WHAT THE TASK REQUIRES
Would you write out each line of the material below exactly, skipping every picture?

DATA SECTION
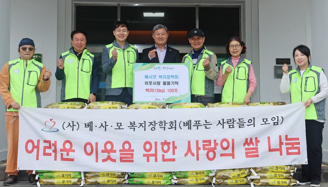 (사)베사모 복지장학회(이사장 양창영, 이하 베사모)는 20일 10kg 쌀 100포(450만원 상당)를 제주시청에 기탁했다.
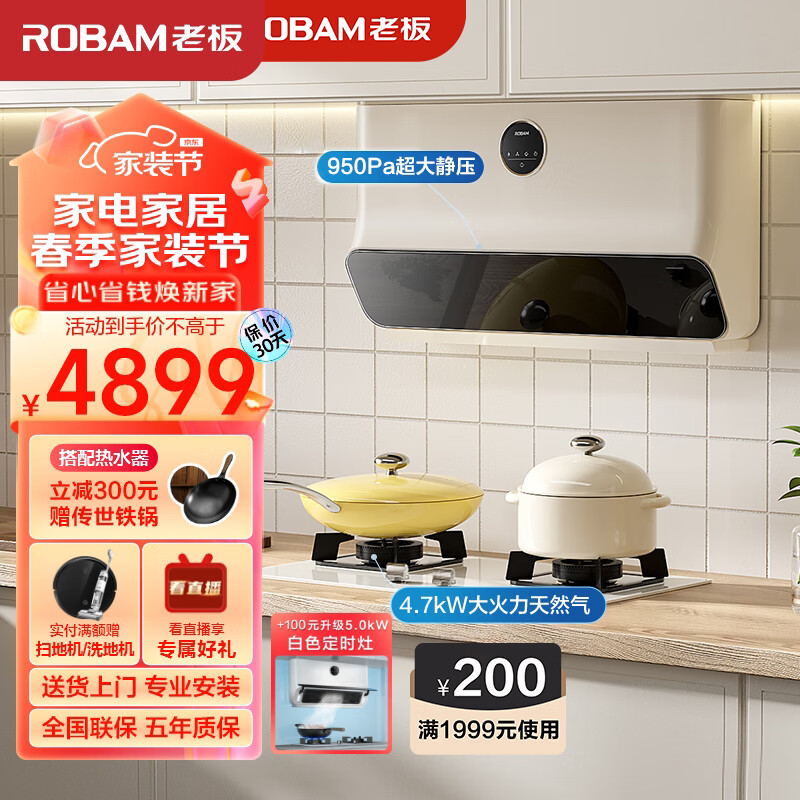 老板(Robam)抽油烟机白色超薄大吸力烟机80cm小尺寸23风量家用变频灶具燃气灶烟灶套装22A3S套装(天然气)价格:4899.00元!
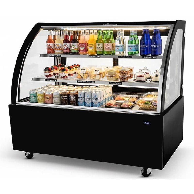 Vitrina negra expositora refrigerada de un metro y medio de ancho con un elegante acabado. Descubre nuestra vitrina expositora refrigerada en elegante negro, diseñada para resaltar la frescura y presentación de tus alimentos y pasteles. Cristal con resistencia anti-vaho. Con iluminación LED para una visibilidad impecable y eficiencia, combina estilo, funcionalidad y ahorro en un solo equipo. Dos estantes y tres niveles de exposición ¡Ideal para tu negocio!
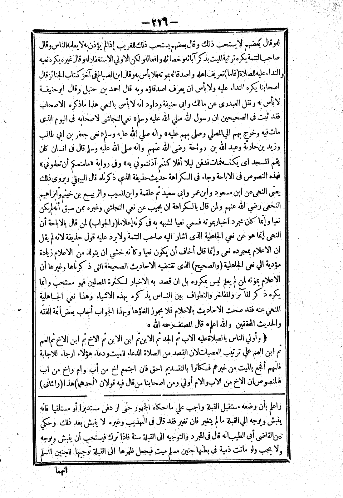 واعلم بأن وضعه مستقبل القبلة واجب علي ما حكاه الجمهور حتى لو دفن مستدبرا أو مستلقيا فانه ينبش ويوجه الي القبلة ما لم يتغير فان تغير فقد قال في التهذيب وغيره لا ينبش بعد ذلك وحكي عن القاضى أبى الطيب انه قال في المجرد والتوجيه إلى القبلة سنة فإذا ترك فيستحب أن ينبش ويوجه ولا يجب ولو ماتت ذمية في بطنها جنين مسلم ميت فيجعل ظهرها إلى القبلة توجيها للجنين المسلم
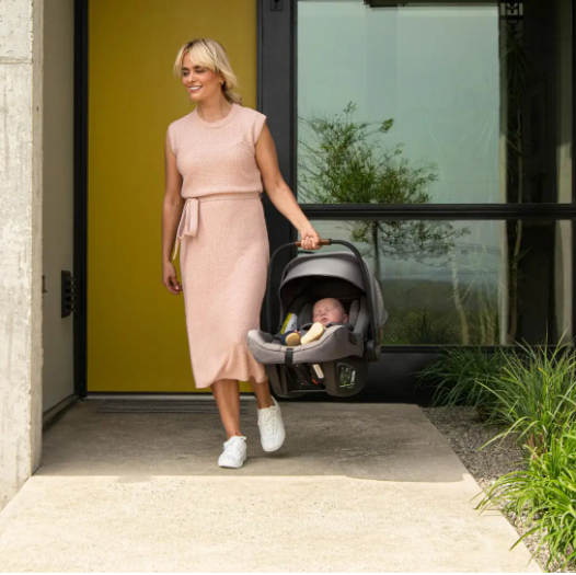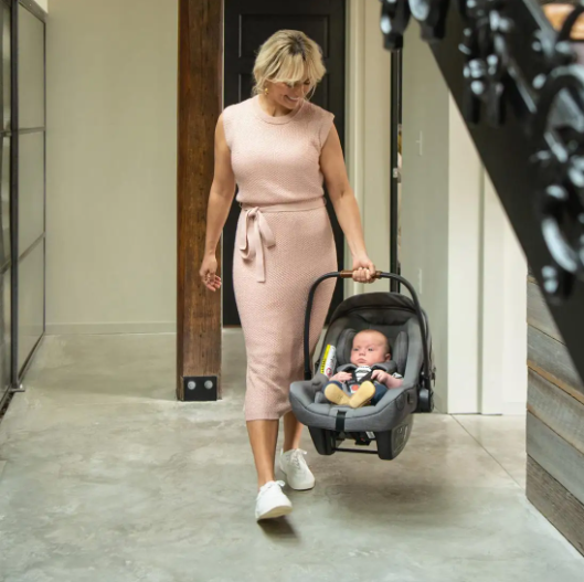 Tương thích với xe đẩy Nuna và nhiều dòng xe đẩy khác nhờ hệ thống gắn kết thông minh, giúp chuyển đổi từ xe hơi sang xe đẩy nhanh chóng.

ANSWER SPACE
 (사)베사모 복지장학회(이사장 양창영, 이하 베사모)는 20일 10kg 쌀 100포(450만원 상당)를 제주시청에 기탁했다.
 老板(Robam)抽油烟机白色超薄大吸力烟机80cm小尺寸23风量家用变频灶具燃气灶烟灶套装22A3S套装(天然气)价格:4899.00元!
 Vitrina negra expositora refrigerada de un metro y medio de ancho con un elegante acabado. Descubre nuestra vitrina expositora refrigerada en elegante negro, diseñada para resaltar la frescura y presentación de tus alimentos y pasteles. Cristal con resistencia anti-vaho. Con iluminación LED para una visibilidad impecable y eficiencia, combina estilo, funcionalidad y ahorro en un solo equipo. Dos estantes y tres niveles de exposición ¡Ideal para tu negocio!
 واعلم بأن وضعه مستقبل القبلة واجب علي ما حكاه الجمهور حتى لو دفن مستدبرا أو مستلقيا فانه ينبش ويوجه الي القبلة ما لم يتغير فان تغير فقد قال في التهذيب وغيره لا ينبش بعد ذلك وحكي عن القاضى أبى الطيب انه قال في المجرد والتوجيه إلى القبلة سنة فإذا ترك فيستحب أن ينبش ويوجه ولا يجب ولو ماتت ذمية في بطنها جنين مسلم ميت فيجعل ظهرها إلى القبلة توجيها للجنين المسلم
 Tương thích với xe đẩy Nuna và nhiều dòng xe đẩy khác nhờ hệ thống gắn kết thông minh, giúp chuyển đổi từ xe hơi sang xe đẩy nhanh chóng.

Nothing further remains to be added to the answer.